Records from a collection:
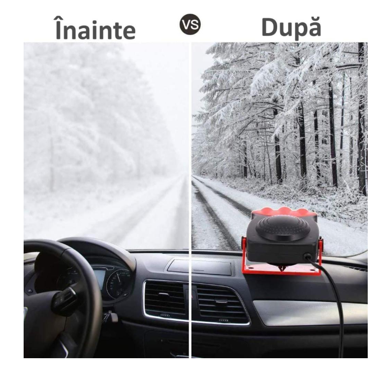 Pur si simplu conectati dispozitivul la bricheta. Avantajul este ca nu trebuie sa astepti ca motorul vehiculului sa se incalzeasca, astfel incat sa poata sufla aer cald.
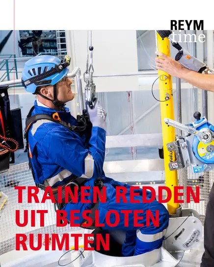 REYM hecht veel waarde aan veilig werken. Dat betekent dat medewerkers goed opgeleid worden én regelmatig hun kennis verversen. Bijvoorbeeld in de training ‘redden uit besloten ruimtes’, waarvoor REYM samenwerkt met EUROSAFE. “Als er iets misgaat, wil je meteen kunnen handelen.”
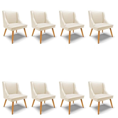 Conforto e estilo são as palavras que definem o Kit 8 Cadeiras Estofadas para Sala de Jantar Pés Palito Lia Sintético Bege, da Ibiza, confira os detalhes e se encante!
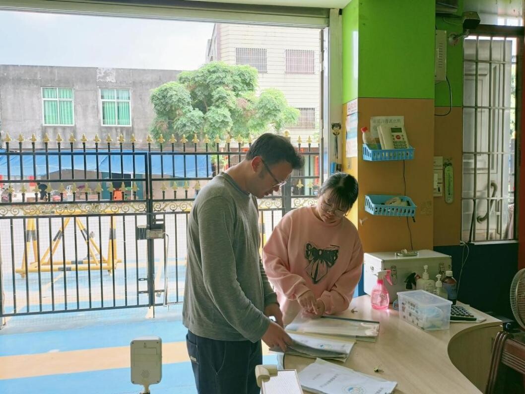 图为公共服务办检查幼儿园入园、晨检登记表
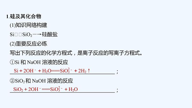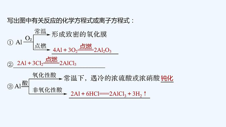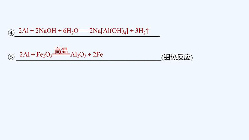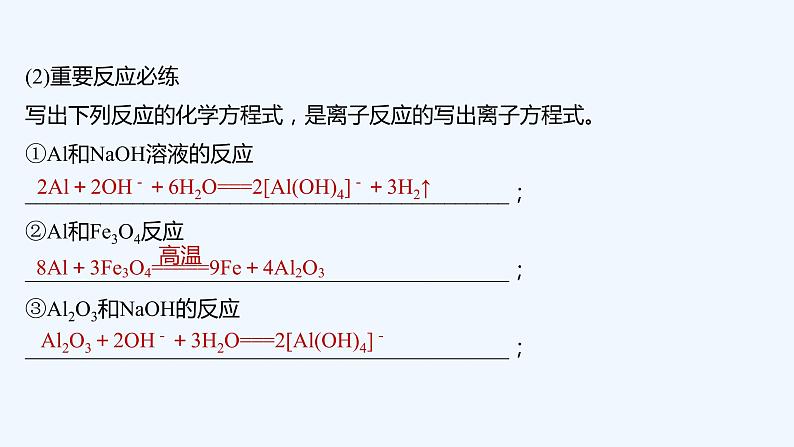 (2)重要反应必练写出下列反应的化学方程式,是离子反应的写出离子方程式。①Al和NaOH溶液的反应_____________________________________________;②Al和Fe3O4反应_____________________________________________;③Al2O3和NaOH的反应_____________________________________________;

* **PROBLEM STATEMENT**: Each line above is to be duplicated exactly, and the pictures are to be omitted.

* **COMPLETED TASK**:
 Pur si simplu conectati dispozitivul la bricheta. Avantajul este ca nu trebuie sa astepti ca motorul vehiculului sa se incalzeasca, astfel incat sa poata sufla aer cald.
 REYM hecht veel waarde aan veilig werken. Dat betekent dat medewerkers goed opgeleid worden én regelmatig hun kennis verversen. Bijvoorbeeld in de training ‘redden uit besloten ruimtes’, waarvoor REYM samenwerkt met EUROSAFE. “Als er iets misgaat, wil je meteen kunnen handelen.”
 Conforto e estilo são as palavras que definem o Kit 8 Cadeiras Estofadas para Sala de Jantar Pés Palito Lia Sintético Bege, da Ibiza, confira os detalhes e se encante!
 图为公共服务办检查幼儿园入园、晨检登记表
 (2)重要反应必练写出下列反应的化学方程式,是离子反应的写出离子方程式。①Al和NaOH溶液的反应_____________________________________________;②Al和Fe3O4反应_____________________________________________;③Al2O3和NaOH的反应_____________________________________________;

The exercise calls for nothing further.